Summary of electrochemical sensors based on the application of polyelectrolytes or polyelectrolyte complexes as sensing layers.

3.4. PE or PEC as a Sensing Layer
PE(s) Used	Sensing Element	Modification Methods	Electrode/Substrate	Path of Modification	Sensor Construction	Analyte	Analysis Method	Reference
CS(+); Pectin(−) (PC)	CS@PC	Drop-casting	GCE	Dispersion of biopolymer polyelectrolyte complex (CS(+)@PC(−))	GCE/CS@PC	Metronidazole and metribuzin	DPV	[136]
CS(+); Sulphonated CS(−) (SCS)	Cyclodextrin (CD)	Drop-casting	GCE	Homogenous solution of the of CS(+)@SCS(−)@CD onto GCE	GCE/CS@SCS and GCE/CS@SCS@CD	Atenolol	DPV	[137]
PDADMAC (+); CS-Cellulose sulphate(−)	PDMDAAC@CS	Sequential drop-casting	GCE	Sequential drop-casting of the PDADMAC(+) solution and CS(−) solution onto GCE	GCE/PDADMAC@CS	Nitrite	DPV	[138]
PAA(+); surfactant SDS(−)	SDS@PAA	Drop-casting	SPCE	Drop-casting of the suspension of PAA(+) and SDS(−)	SPCE/SDS@PAA	Xanthate	IMP	[139]
PAH(+)	PAH	Drop-casting	SPCE	Drop-casting of PAH(+) on oxidized SPCE	SPCE/PAH	NADH	DPV	[140]
PDDA(+)	PDDA	from the solution	GCE	PDDA(+) in sample solution	GCE covered with PDDA during analysis	uric acid and ascorbic acid	DPV	[141]
PAA(+); HPA (+)	Hydrazinium poly acrylate (HPA)	Drop-casting	SPCE	Drop-casting of the PAA(+) or HPA(+) onto SPCE	SPCE/PAA or HPA	Form aldehyde	CV	[142]
PBI-BA(−)	poly[N-(1-one-butyric acid) benzimidazole] (PBI-BA)	Drop-casting	Au	Drop-casting of the solution of the PBI-BA(−) or graphene modified PBI-BA(−) (PBI-BA(−)@ graphene) onto Au	Au/PBI-BA or graphene@PBI-BA	H2O2	AMP	[143]
PAH(+)	ssDNA	Drop-casting	Chip (pSi-SiO2)	Drop-coating of the PAH(+) onto chip/then immobilization of ssDNA(−)	Chip/PAH/ssDNA	cDNA	IMP	[144]

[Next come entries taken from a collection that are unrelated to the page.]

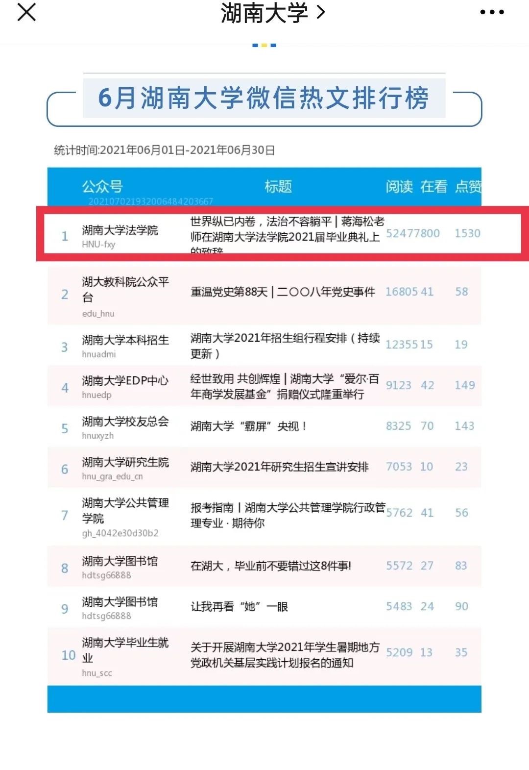 多次蝉联湖大校园新媒体影响力十强榜单,并在2021年6月榜单中跃居全校新媒体排行榜第一名。
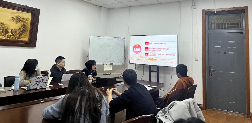 随后,党支部李澳妍同志从党的六中全会主要议程、党的百年奋斗取得的伟大成就和中国共产党百年奋斗的历史意义三个方面与全体党支部成员共同学习了十九届六中全会精神。她认为“生于忧患、死于安乐”的道理需要被铭记,新时代的党员要无愧今天的使命担当,不负明天的伟大梦想,凝心聚力,砥砺前行,在新时代的“赶考之路”上书写新奇迹!
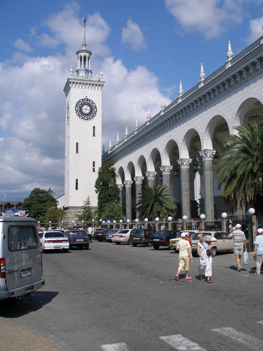 Первое, что видят путешественники, приезжающие в город на поезде, это вокзал. Вокзал города Сочи очень запоминающееся и красивое место, символ города. И его не даром изображают на открытках, магнитах и фотографиях. Место для вокзала в Сочи было определено в 1913 году. Но первое здание (деревянное) было построено только в 1923 году. В 1939 году на месте первого вокзала был возведен другой. А в 1947 году началось проектирование нового вокзала. Автором проекта стал А.Н. Душкин. Новый вокзал был торжественно открыт 10 сентября 1952 года. Но его строительство сопровождалось преодолением многих трудностей. Начиная от утверждения проекта и заканчивая сложностями при строительстве. Но несмотря на это, здание вокзала имело высокие оценки архитекторов и органично вписалось в Кавказский ландшафт. Здание представляет собой сложную архитектурную композицию с часовой башней и тремя двориками в виде атриумов со скульптурой и фонтанами. Впечатление возвышенности и воздушности создают высокие арки

Natural polyelectrolytes, chitosan, and pectin were used in the preparation of PEC [136]. The prepared water dispersion of PEC was applied onto a GCE by drop-casting and used for the determination of an antibiotic drug and a herbicide—metronidazole and metribuzin, respectively. Enhanced electrocatalytic activity, compared to a bare GCE, was attributed to the stochiometric combination of polyelectrolytes that can lead to enhanced electrocatalytic activity; the electrostatic interaction of nitro, imine, and carboxyl groups present in analytes and a protonated amino group in chitosan; hydrogen bonding between PEC and analytes; a large surface area; and swelling properties that could provoke absorption of analytes.

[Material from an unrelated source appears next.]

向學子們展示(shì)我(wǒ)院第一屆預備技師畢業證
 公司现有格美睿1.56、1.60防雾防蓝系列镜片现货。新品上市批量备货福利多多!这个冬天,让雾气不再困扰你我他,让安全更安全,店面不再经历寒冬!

Additionally, chitosan can be used for enantioselective drug recognition due to the chiral properties of its surface. Its instability and solubility in water prohibits it from being used as a sensing element. However, to improve the physical properties of a sensing layer, chitosan can be complexed with various species. Zilber et al. [137] used sulphonated chitosan and cyclodextrin to prepare PEC, appropriate for the modification of a GCE. The prepared electrode was applied to the voltammetric determination of atenolol enantiomers.

A GCE covered with a PDMDAAC-containing film was successfully utilized for the improvement of analytical signal in the voltammetric determination of nitrite [138]. A PDMDAAC-containing film, obtained by drop-casting, facilitated the preconcentration of an analyte and enhanced its selectivity. The sensitivity of PDMDAAC was improved through the formation of a PEC containing cellulose sulphate.

Screen-printed graphite electrodes, modified by the drop-casting of a polymeric matrix based on PAA and a surfactant (SDS), were utilized for the impedimetric determination of ethyl xanthan [139]. The method was based on the measurement of charge-transfer resistance. Applying anodic potential before impedance measurements triggered the oxidation of xanthan to dixanthogen, preventing the electron exchange of the redox probe (ferri/ferro cyanide system) at the working electrode, resulting in an increase in the charge-transfer resistance.

The electrostatic interaction between PAH and NADH was used for the accumulation of NADH at the surface of a modified electrode; afterwards the oxidation of NADH was performed with differential pulse voltammetry [140]. An SPCE was used as a working electrode.

Additionally, the presence of a polyelectrolyte in a sample solution during electrochemical determination can provide an increase in the concentration of an analyte near the electrode surface via electrostatic attractions. The knowledge of this principle was used by Prakash et al. [141] in order to determine uric and ascorbic acid using a GCE.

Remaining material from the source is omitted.